Automation allows operators to quantify product attributes during critical process steps to tame the inherent variability of starting materials—fragile, living cells. Industrial and academic groups have already begun to adopt technologies that incrementally move the state of the art toward more automated, closed, and scalable systems that minimize risk and anticipate future increases in demand.

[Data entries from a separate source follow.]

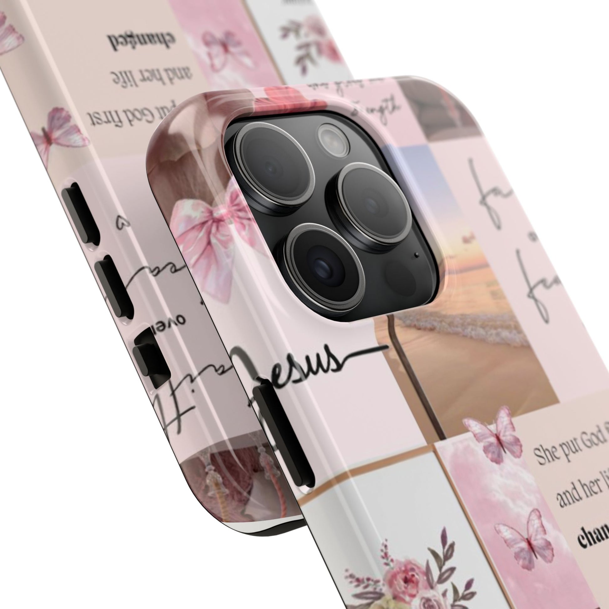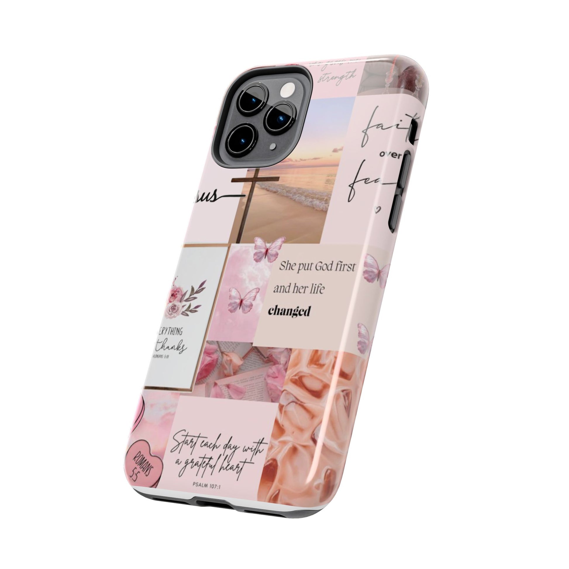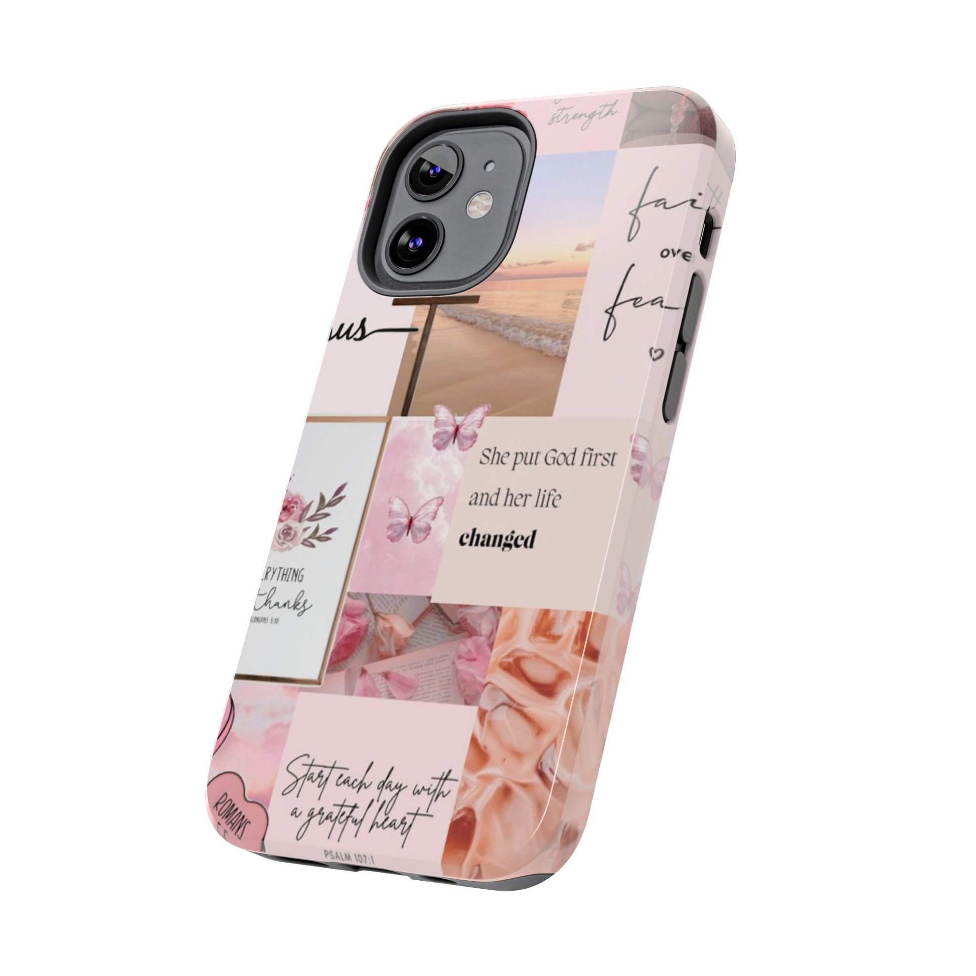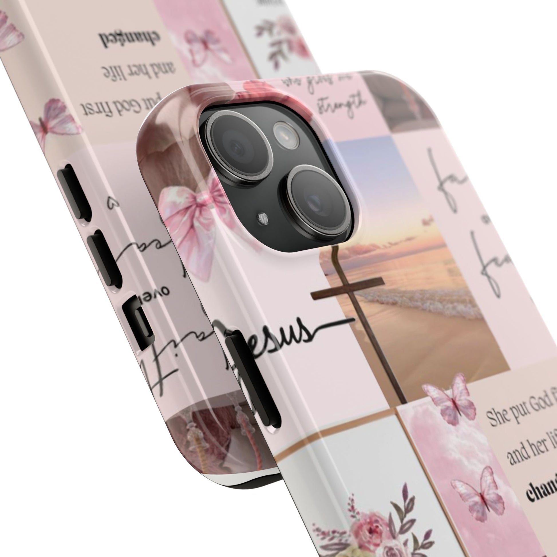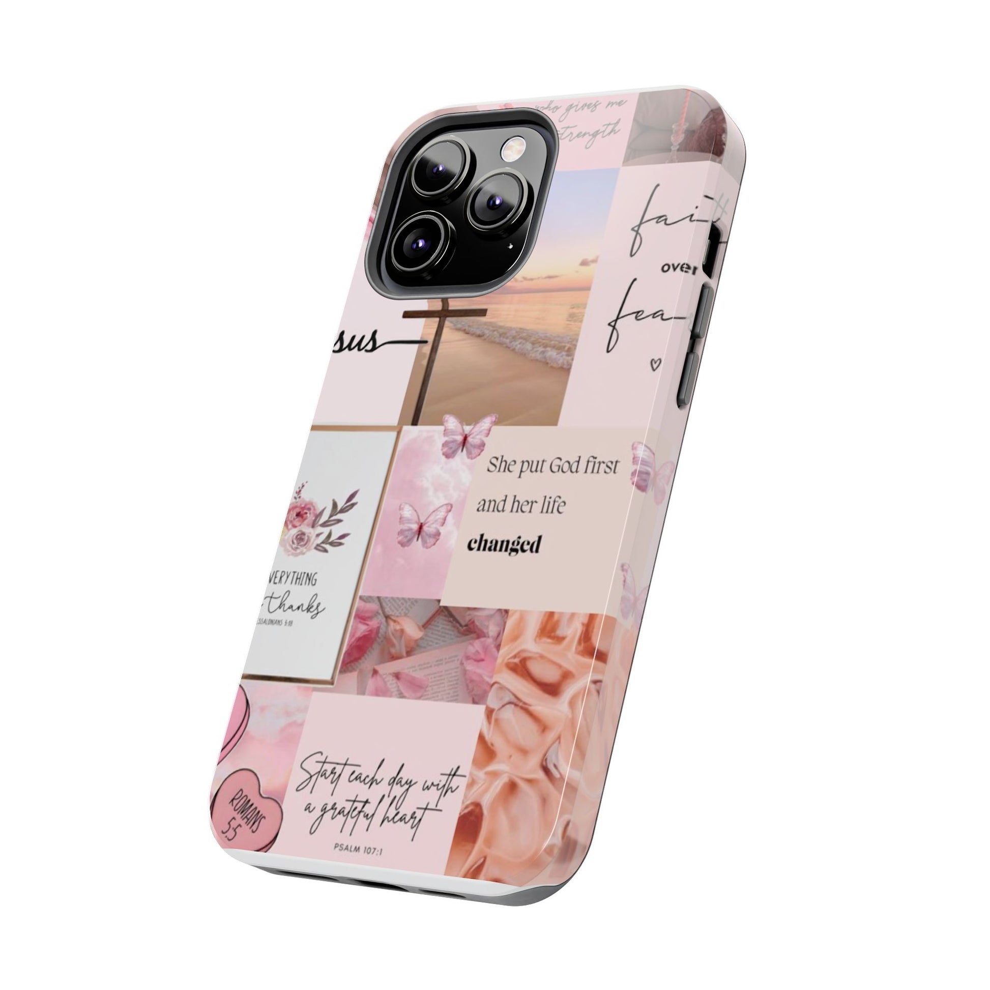 With a pink aesthetic and quotes like “She put God first and her life changed” and “Stop touching the fire you prayed God to put out,” this design speaks to the woman in transformation growing, healing, and resting in God’s plan.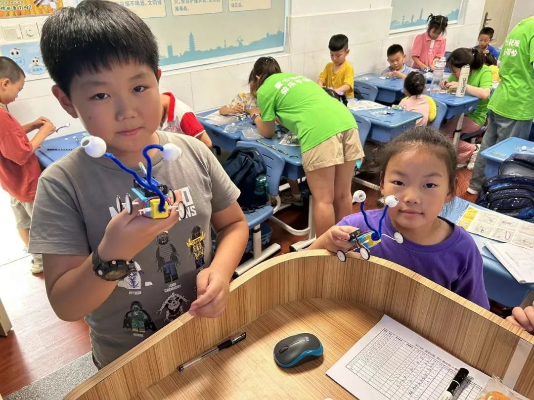 “手工课也非常有趣,和平时学校里做的简单模型不同,这次制作的机械爬虫需要电池和马达,它动起来那一刻,我觉得真的很神奇!”参加完另一门创新手工课的沈乔宇小朋友开心地说。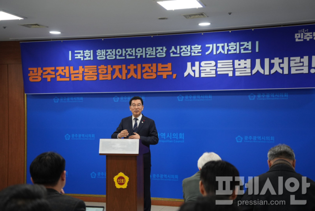 올해 전남지사 선거에 출마하는 신정훈 국회 행정안전위원장이 "광주·전남 통합 특별법의 신속한 국회 통과를 책임지겠다"고 밝혔다.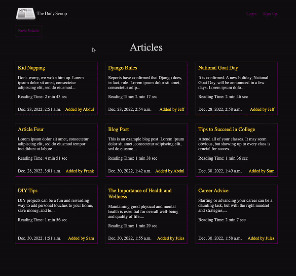 The Daily Scoop is built using Django. Users are able to sign up, log in, and add their own blogs to the site. They can also view and read others' blogs on the site.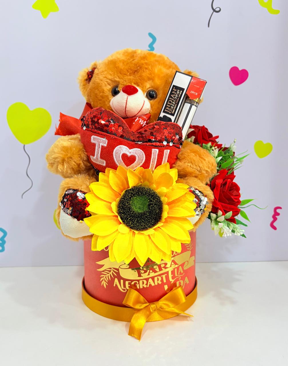 Flores artificiales + peluche + 1 perfume mini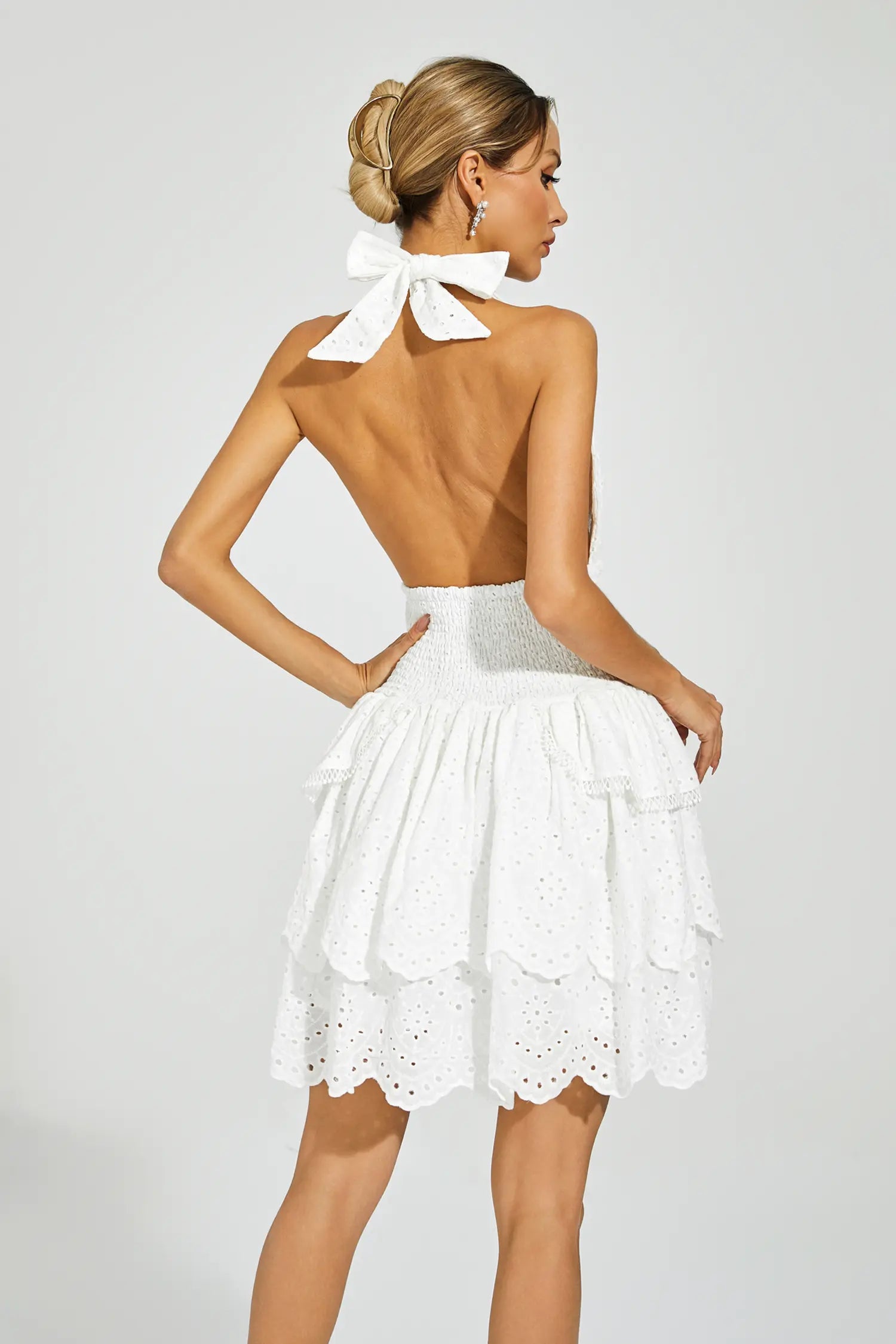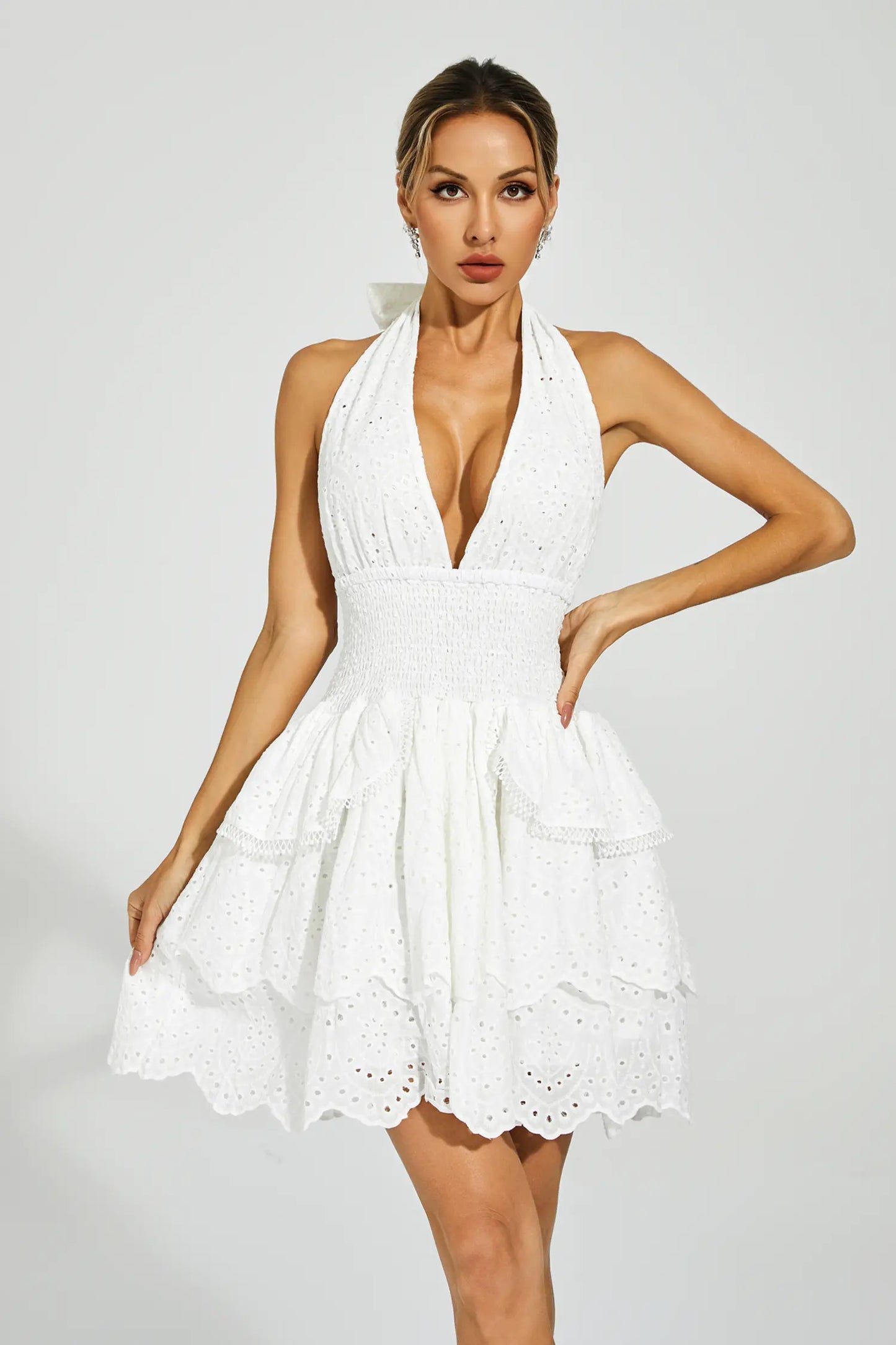 Add a touch of sophistication to your wardrobe with the Landry White V-neck Halter Dress. This sexy and chic dress features a flattering deep V-neckline and a sleeveless design. Made from high-quality fabric, the white color exudes elegance. With its high-waisted silhouette and halter neck, this dress is perfect for any special occasion.

“Automation is particularly critical for producing single doses of autologous cell therapies because there is already so much risk of variability,” White adds. “That is why manufacturers can reap tremendous benefits from taking the time, during process development, to automate key steps and reduce the number of manual operations.”

At early adoption stages the main benefit of automation will not be throughput but consistency. Later, as developers gain more experience with autologous cell therapies, it will enable scaling out limited-scale therapies to treat more patients. And some day, when the holy grail of allogeneic therapies becomes feasible and scalable, you will read an article in Biocompare describing single-use 1000-liter bioreactors for expanding immune system cells.